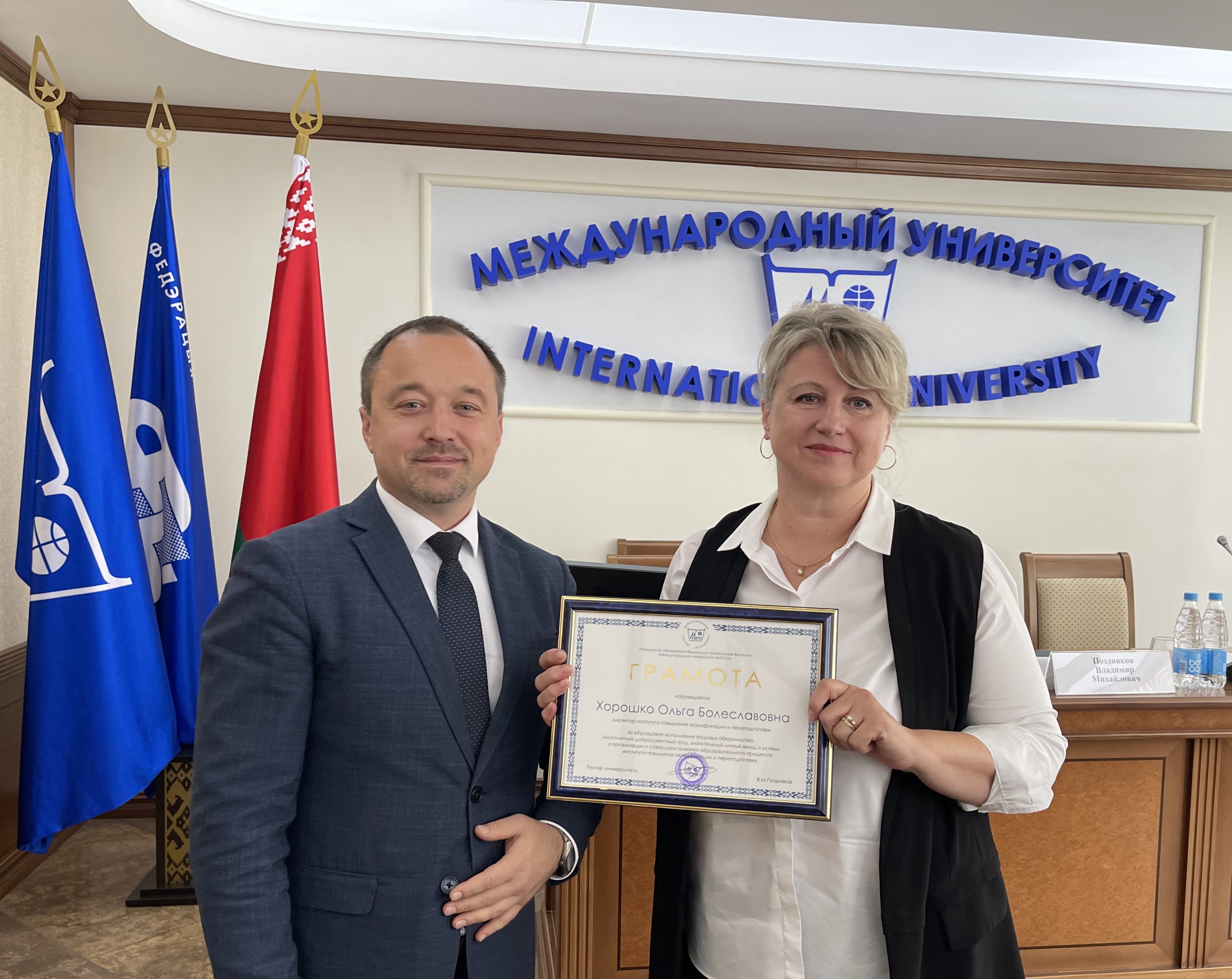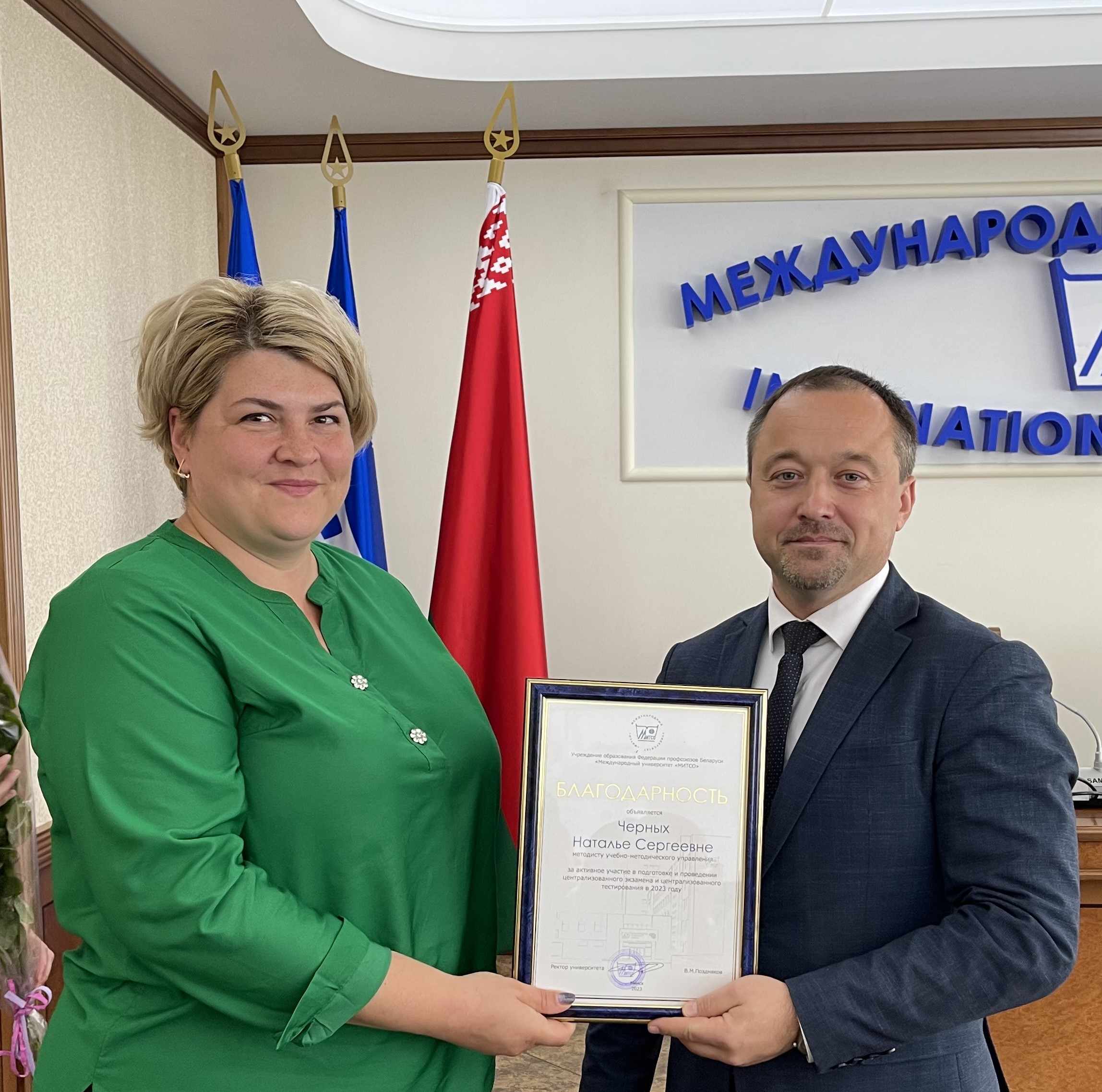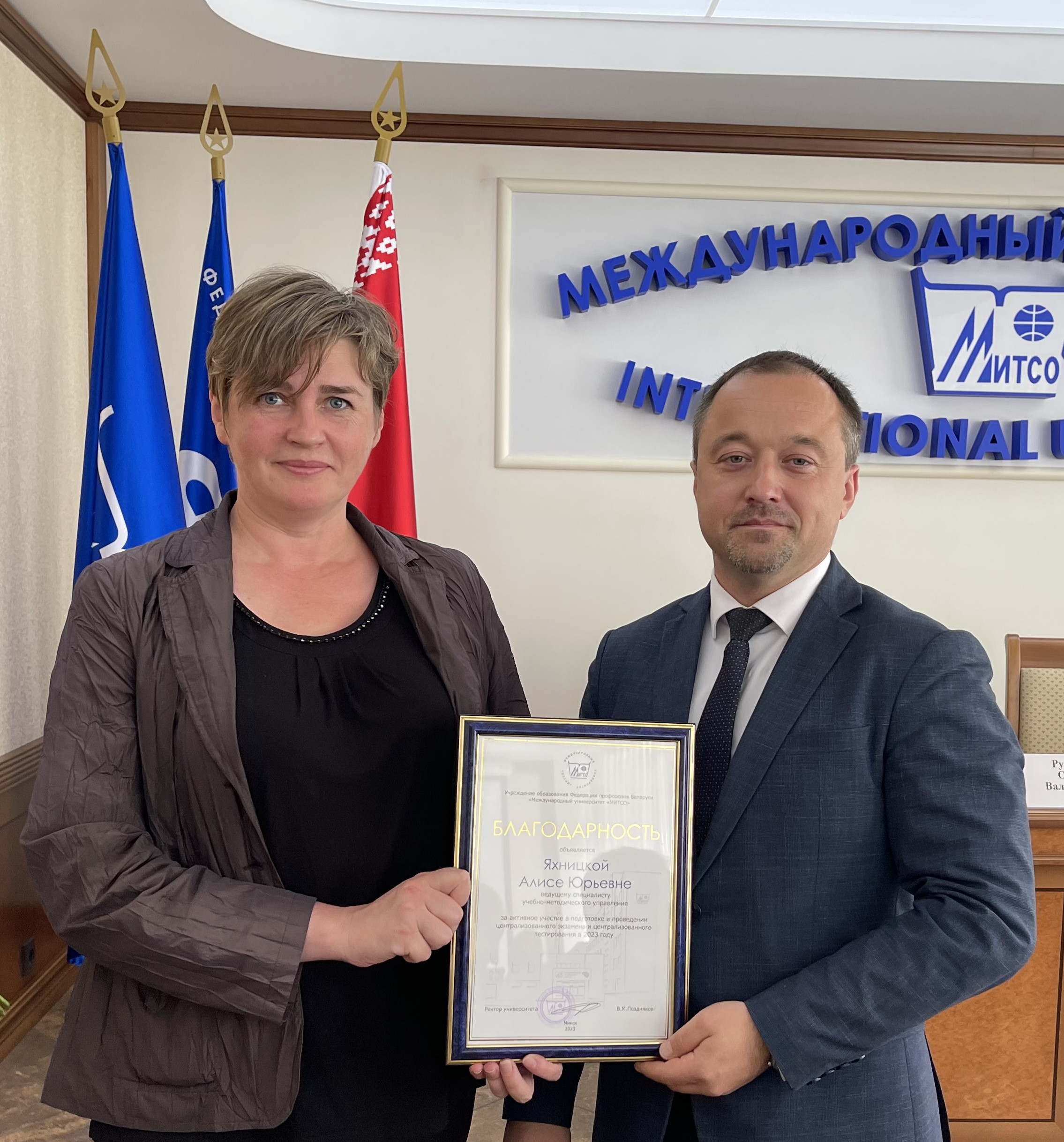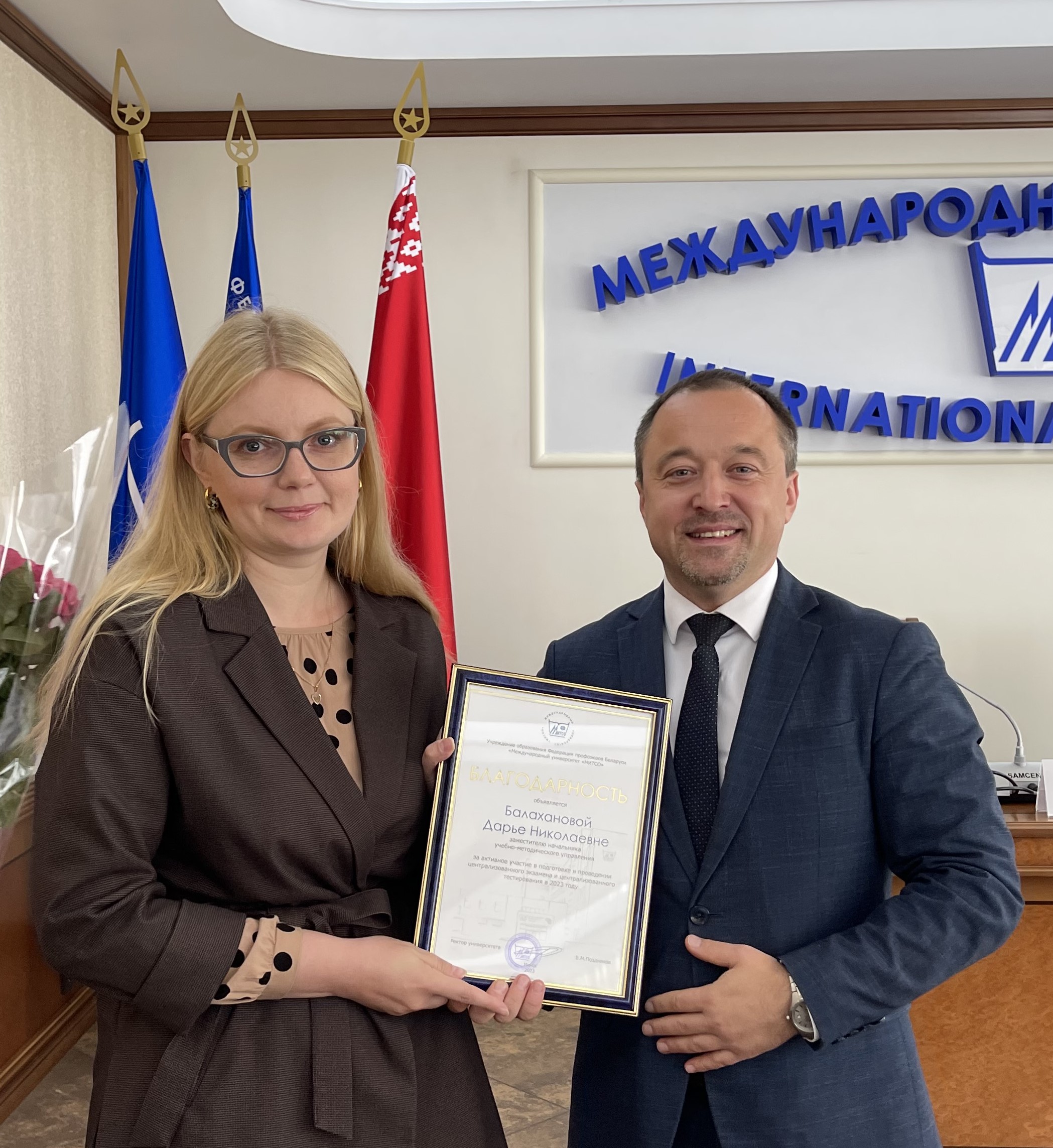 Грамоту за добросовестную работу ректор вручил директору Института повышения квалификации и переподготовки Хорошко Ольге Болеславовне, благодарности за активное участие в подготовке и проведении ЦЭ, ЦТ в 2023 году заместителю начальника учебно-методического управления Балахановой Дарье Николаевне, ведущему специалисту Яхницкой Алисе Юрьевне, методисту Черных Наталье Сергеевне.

□ □ □

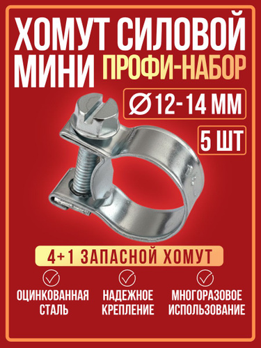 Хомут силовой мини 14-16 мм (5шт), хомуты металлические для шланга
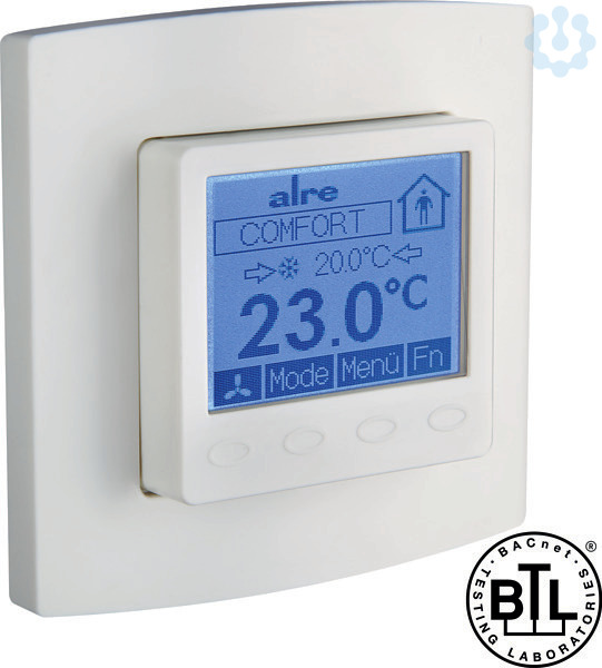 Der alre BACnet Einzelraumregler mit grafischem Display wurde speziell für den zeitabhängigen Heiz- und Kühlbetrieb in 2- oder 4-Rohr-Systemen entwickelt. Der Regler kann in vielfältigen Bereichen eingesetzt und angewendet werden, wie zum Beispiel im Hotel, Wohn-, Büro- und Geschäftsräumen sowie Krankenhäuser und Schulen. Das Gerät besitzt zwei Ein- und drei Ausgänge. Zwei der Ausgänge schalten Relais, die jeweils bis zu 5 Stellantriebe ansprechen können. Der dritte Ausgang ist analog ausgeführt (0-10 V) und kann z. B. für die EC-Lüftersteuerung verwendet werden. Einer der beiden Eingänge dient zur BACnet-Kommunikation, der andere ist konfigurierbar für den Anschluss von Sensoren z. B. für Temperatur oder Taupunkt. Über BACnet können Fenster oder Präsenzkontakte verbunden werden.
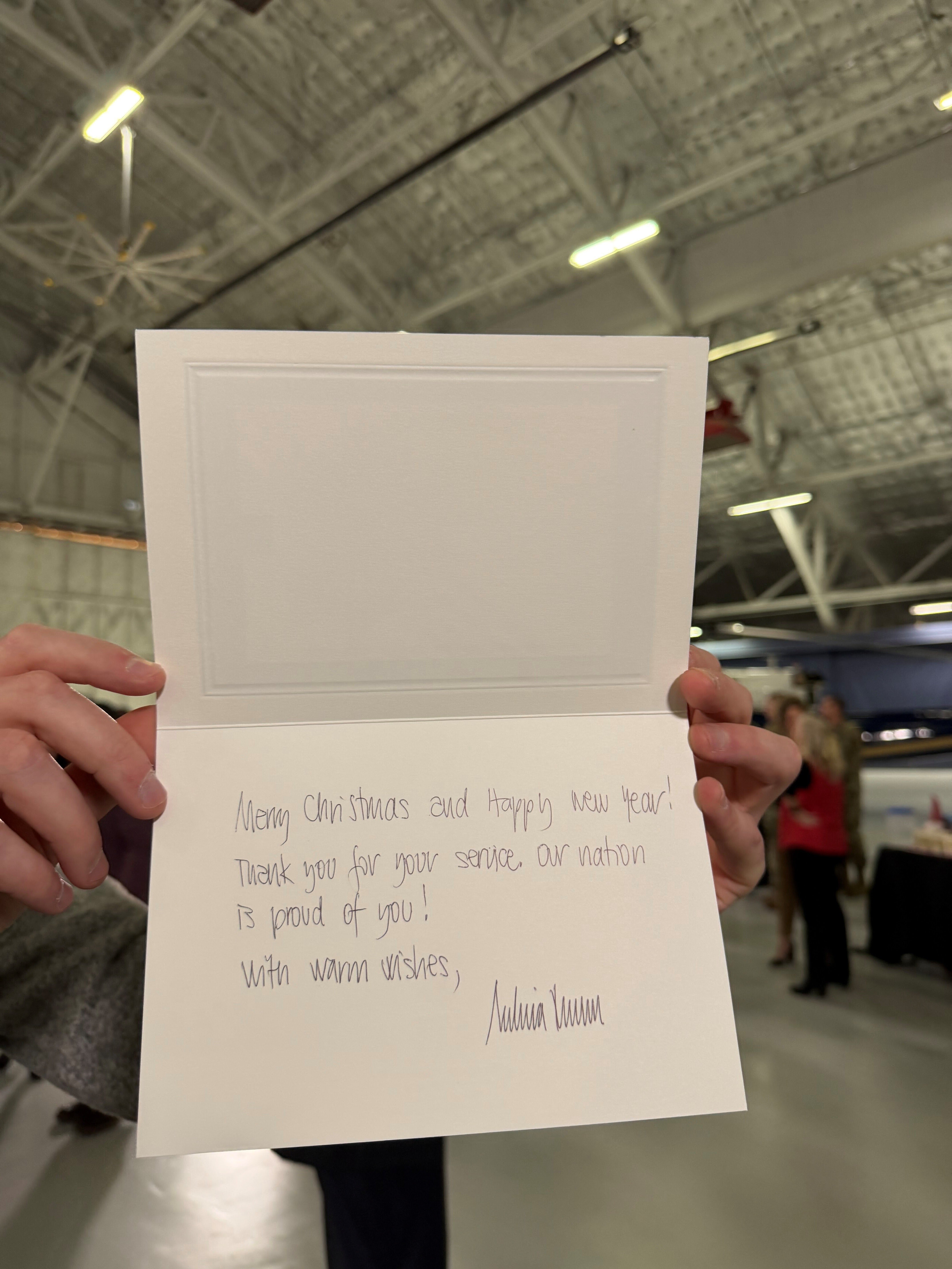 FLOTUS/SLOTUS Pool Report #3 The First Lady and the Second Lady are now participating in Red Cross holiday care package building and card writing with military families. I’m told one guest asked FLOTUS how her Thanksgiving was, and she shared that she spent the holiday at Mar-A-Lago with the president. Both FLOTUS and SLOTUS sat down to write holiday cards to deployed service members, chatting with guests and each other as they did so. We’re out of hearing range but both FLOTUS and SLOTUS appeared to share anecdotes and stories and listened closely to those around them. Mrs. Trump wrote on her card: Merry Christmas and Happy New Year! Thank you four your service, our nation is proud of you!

□ □ □

◆ **What you are asked to do**
Keep to the stretch from the line containing "Хомут силовой мини" through the line containing "Der alre BACnet", both ends included, and copy it exactly from the listing above, minus the pictures.

◆ **Written response**
 Хомут силовой мини 14-16 мм (5шт), хомуты металлические для шланга
 Der alre BACnet Einzelraumregler mit grafischem Display wurde speziell für den zeitabhängigen Heiz- und Kühlbetrieb in 2- oder 4-Rohr-Systemen entwickelt. Der Regler kann in vielfältigen Bereichen eingesetzt und angewendet werden, wie zum Beispiel im Hotel, Wohn-, Büro- und Geschäftsräumen sowie Krankenhäuser und Schulen. Das Gerät besitzt zwei Ein- und drei Ausgänge. Zwei der Ausgänge schalten Relais, die jeweils bis zu 5 Stellantriebe ansprechen können. Der dritte Ausgang ist analog ausgeführt (0-10 V) und kann z. B. für die EC-Lüftersteuerung verwendet werden. Einer der beiden Eingänge dient zur BACnet-Kommunikation, der andere ist konfigurierbar für den Anschluss von Sensoren z. B. für Temperatur oder Taupunkt. Über BACnet können Fenster oder Präsenzkontakte verbunden werden.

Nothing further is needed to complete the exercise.